Bangladesh is a third world country located on the fertile Bengal delta. It is bordered by the Republic of India to its north, west and east, by the Union of Myanmar (Burma) to its south-east and by the Bay of Bengal to its south. It is separated from the Democratic Republic of Nepal and the Kingdom of Bhutan by the narrow Indian Siliguri Corridor. Together with the neighbouring Indian states of West Bengal and Tripura, it makes up the ethno-linguistic region of Bengal. The name, Bangladesh, means "Country of Bengal" in the official Bengali language.
- On the ground, in the investigations that we have carried out, we did not get any evidence of ISIS links as yet.
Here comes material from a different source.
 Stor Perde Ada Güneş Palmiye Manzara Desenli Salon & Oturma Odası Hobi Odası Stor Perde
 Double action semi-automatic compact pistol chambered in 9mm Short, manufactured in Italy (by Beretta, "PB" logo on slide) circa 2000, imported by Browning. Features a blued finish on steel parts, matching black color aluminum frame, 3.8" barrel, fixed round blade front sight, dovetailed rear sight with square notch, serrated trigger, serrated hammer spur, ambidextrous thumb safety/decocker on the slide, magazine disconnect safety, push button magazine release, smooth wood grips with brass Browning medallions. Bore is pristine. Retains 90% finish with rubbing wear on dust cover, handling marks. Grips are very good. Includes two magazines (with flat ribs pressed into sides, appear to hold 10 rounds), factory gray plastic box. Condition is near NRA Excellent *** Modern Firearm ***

I do not think, any terrorist or groups would ever gain permanent or semi-permanent ground in Bangladesh
- Bangladesh's State Minister for Foreign Affairs Shahriar Alam, quoted on One India (February 13, 2016), "No evidence of ISIS' presence in Bangladesh: Alam"
- Our relationship with the United States in the last two years has reached a new height. Both sides agree that we are happy with the level of co-operation with each other
- Bangladesh's State Minister for Foreign Affairs Shahriar Alam on relations between the US and Bangladesh, quoted on One India (February 13, 2016), "No evidence of ISIS' presence in Bangladesh: Alam"
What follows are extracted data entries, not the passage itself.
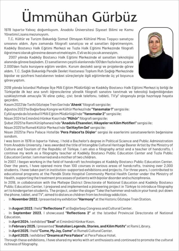 Yaşamını İstanbul’da sürdüren hemşehrimiz, Kültür ve Turizm Bakanlığı Filografi Sanatçısı ve Öğretmen Ümmühan Gürbüz ve öğrencilerinin eserlerinin sunulacağı serginin açılışı 7 Nisan 2026 Salı günü saat 14.00’te Tarık Zafer Tunaya Kültür Merkezi’nde gerçekleştirilecek.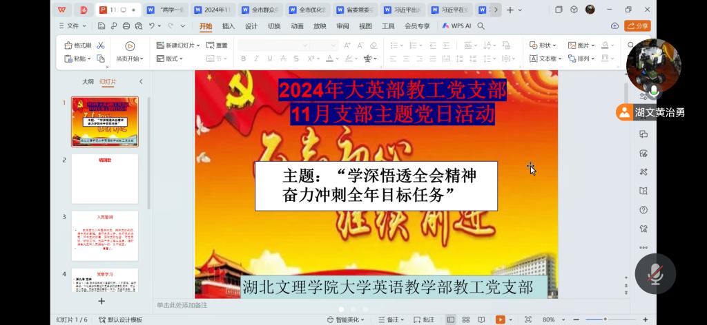 (外院通讯员李倩)2024年11月28日晚上,大学英语教学部教工党支部通过腾讯会议开展11月支部主题党日活动。本次活动主题为:“学深悟透全会精神,奋力冲刺全年目标任务”。活动由支部副书记黄治勇主持。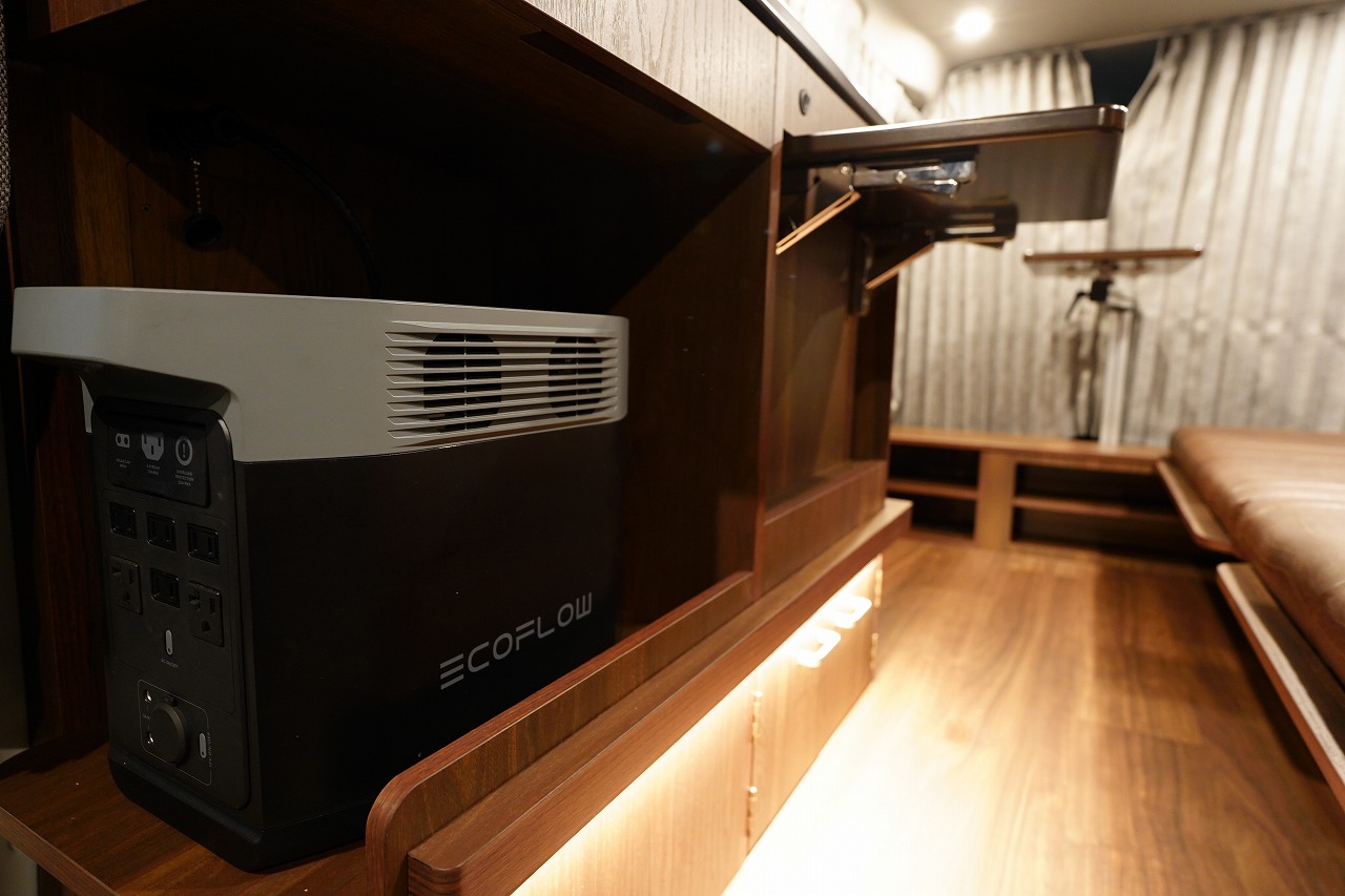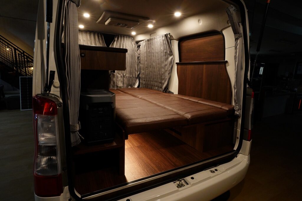 サブバッテリー100Ahと1000Wインバーターに加え、走行充電・外部充電設備を標準装備。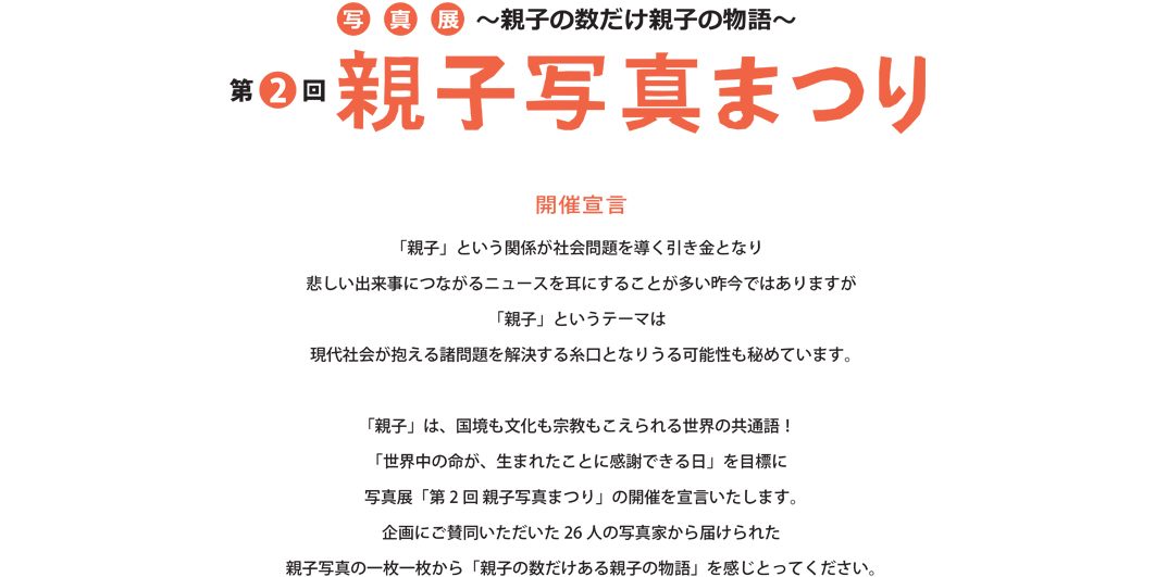 詳しくは、親子写真まつりイベントページをご覧ください。https://oyako.qpit.me/matsuri/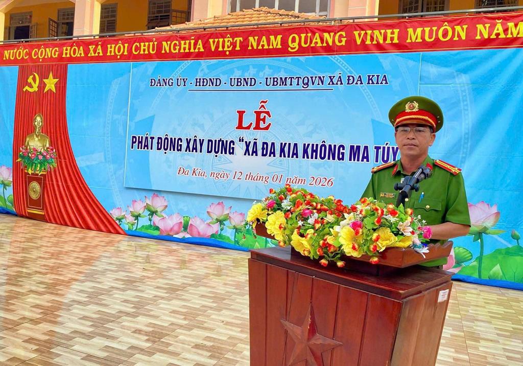 Phát biểu tại buổi Lễ, đồng chí Trưởng Công an xã Đa Kia nhấn mạnh: Ma túy là hiểm họa lớn của nhân loại, là nguyên nhân phát sinh nhiều loại tội phạm, gây ảnh hưởng nghiêm trọng đến sức khỏe con người, trật tự, an toàn xã hội và sự phát triển bền vững của địa phương. Đồng chí khẳng định việc phát động phong trào “Xây dựng địa bàn Đa Kia không ma túy” là nhiệm vụ trọng tâm, có ý nghĩa quan trọng nhằm bảo vệ cuộc sống bình yên của Nhân dân và tương lai thế hệ trẻ. Đồng thời, đề nghị cán bộ, đảng viên và Nhân dân, cơ sở giáo dục nâng cao nhận thức, phát huy tinh thần đoàn kết toàn dân, tích cực tham gia phòng, chống ma túy, kịp thời phát hiện, tố giác tội phạm và chung tay hỗ trợ người lầm lỡ cai nghiện, tái hòa nhập cộng đồng.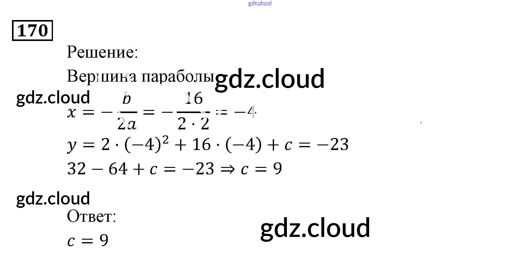 Ответ на задание 170 Задачник Алгебра за 9 (девятый) класс Мордкович, Александрова, Мишустина, Тульчинская, Семёнов 2010 Часть 2

- It's roughly a 40/60 split. We have more large concentrations of people than we've ever had before. That is new. And those concentrations themselves, they have momentum.
- said Deborah Balk, an urbanization specialist with the CUNY Institute for Demographic Research in New York City, quoted on BBC News, "Dhaka, Bangladesh: Fastest Growing City in the World", September 9, 2010.
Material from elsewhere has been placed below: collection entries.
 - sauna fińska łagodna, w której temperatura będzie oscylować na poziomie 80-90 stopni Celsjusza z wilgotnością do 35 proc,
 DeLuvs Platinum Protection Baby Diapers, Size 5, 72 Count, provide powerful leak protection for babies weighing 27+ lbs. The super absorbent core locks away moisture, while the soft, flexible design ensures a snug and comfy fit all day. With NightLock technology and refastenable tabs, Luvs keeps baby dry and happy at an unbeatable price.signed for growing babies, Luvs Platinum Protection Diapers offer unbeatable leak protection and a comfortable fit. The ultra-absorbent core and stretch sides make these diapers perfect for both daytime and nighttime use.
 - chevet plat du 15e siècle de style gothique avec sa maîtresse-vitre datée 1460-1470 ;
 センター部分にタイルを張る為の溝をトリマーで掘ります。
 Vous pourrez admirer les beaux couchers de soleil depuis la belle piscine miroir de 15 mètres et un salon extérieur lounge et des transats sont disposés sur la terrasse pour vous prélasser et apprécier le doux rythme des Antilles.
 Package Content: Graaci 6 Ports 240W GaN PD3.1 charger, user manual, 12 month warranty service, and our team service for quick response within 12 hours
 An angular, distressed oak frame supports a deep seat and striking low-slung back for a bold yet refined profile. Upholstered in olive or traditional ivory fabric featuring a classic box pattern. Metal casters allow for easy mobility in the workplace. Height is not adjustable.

- Scholars, journalists, activists, and others have an almost knee-jerk tendency to praise Bangladesh's beginnings as a secular nation and trace its slide into Islamist domination from the 1975 assassination of its founding father, Sheikh Mujibur Rahman. That praise is warranted - but only to a limited extent, for secularism and any semblance of democratic ideals were in their death throes long before Sheikh Mujib was.
- Benkin, Richard L. (2012). A quiet case of ethnic cleansing: The murder of Bangladesh's Hindus. New Delhi: Akshaya Prakashan. p.167 Bangladesh is a poor country?
- Many Bangladeshis are travelling abroad, taking holidays abroad. They are being exposed to how people in neighbouring countries live, what kind of clothes they wear... The increase in their expectations and growth in disposable income will create a situation and market for foreign branded items to come in here.
- Prof Imran Rahman, vice chancellor and director of the School of Business at the University of Liberal Arts Bangladesh, quoted on BBC News, "Uniqlo looks to cash in on Bangladesh's middle class", July 11, 2013.
- The rate at which sediment is deposited and new land is created is much slower than the rate at which climate change and sea level rises are taking place.
- Dr Atiq Rahman, a lead author of the UN Intergovernmental Panel on Climate Change report, quoted on BBC News, "Bangladesh landmass 'is growing'", July 30, 2008.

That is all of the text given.